Our study was not set up to explore hunting pressure directly, e.g. through separate covariates for raw numbers of total hunters per district and physical accessibility of the landscape. Instead, we used a published metric—which we refer to as “hunting accessibility”—that shows landscape accessibility adjusted for coarse estimates of plausible hunter density10. A higher metric score indicates higher hunting accessibility, and vice versa10. Despite measures of physical accessibility incorporated into the hunting accessibility metric, the metric was not highly correlated with any of our ecological covariates at a level above |0.4|68. While this metric also accounts for the relative human population in a given area10, it is unable to capture cultural influences within the local populations engaging in hunting in that area, which is influenced by ethnicity and religion6. Alongside hunting accessibility, we included the covariate “pig-hunting group” (see above), thereby incorporating Indigenous, Christian pig-hunting practices into our models. We also included an interaction term for pig-hunting group and hunting accessibility, which tests whether the level of one of these covariates influences the impact of the other on pig occupancy. As with ecological covariates, we standardized social covariates to allow for ready comparison of coefficients.

Detection covariates

We used percent of non-tree vegetation cover67 and effort as our predictors for detection.

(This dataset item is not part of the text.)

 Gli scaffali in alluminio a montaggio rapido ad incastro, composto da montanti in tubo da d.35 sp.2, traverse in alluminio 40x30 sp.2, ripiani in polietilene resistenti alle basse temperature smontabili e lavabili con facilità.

Non-tree vegetation cover can block a pig from view and thereby inhibit the ability of a given camera to detect a passing pig. Including effort, using the package ‘unmarked’70, as a detection covariate in occupancy models allowed us to correct for variable sampling effort, per trap and occasion window. As with ecological and social covariates, we standardized detection covariates to allow for ready comparison of coefficients.

Occupancy modeling approach

We fitted one single-season occupancy model for all the data from 2010, 2012, and 2014. However, given the long-distance movements for which the bearded pig is known24,25,44, detections of bearded pigs cannot be considered independent and their populations cannot be considered closed71. Therefore, model-estimated occupancy results for species in this situation should be interpreted as probability of site use rather than true occupancy72,73.

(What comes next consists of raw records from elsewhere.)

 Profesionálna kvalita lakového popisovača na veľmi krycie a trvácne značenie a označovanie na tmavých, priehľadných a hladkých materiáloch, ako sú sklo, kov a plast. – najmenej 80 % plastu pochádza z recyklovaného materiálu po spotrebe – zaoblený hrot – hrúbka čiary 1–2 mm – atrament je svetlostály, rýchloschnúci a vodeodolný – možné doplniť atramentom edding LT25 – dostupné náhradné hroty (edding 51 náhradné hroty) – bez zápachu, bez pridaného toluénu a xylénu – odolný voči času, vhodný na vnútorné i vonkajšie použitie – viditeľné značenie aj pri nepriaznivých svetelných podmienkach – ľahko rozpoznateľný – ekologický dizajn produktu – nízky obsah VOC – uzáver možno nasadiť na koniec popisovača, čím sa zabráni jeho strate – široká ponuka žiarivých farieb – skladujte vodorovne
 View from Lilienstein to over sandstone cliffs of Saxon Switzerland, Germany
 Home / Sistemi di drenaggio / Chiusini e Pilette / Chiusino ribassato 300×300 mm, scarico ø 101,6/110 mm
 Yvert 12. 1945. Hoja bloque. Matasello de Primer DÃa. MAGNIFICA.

We ran models using the packages ‘unmarked’70 and ‘camtrapR’74 in R version 3.6.069. We used a seven-day sampling occasion window, corrected for sampling effort per trap and per occasion within the ‘camtrapR’ package74. We then used the ‘dredge’ function75 in R version 3.6.069 to identify top models according to Akaike’s Information Criterion values, adjusted for small sample sizes (AICc). Models within <2 ΔAICc of the top model were considered to be competing models76. We model-averaged competing models. We used the function ‘confint()’ to calculate 95% confidence intervals for coefficients69. To visualize the interaction between pig-hunting group and hunting accessibility, we created an interaction plot prediction (repeated 267 times) using packages ‘ggplot2’ and ‘AICcmodavg’77,78.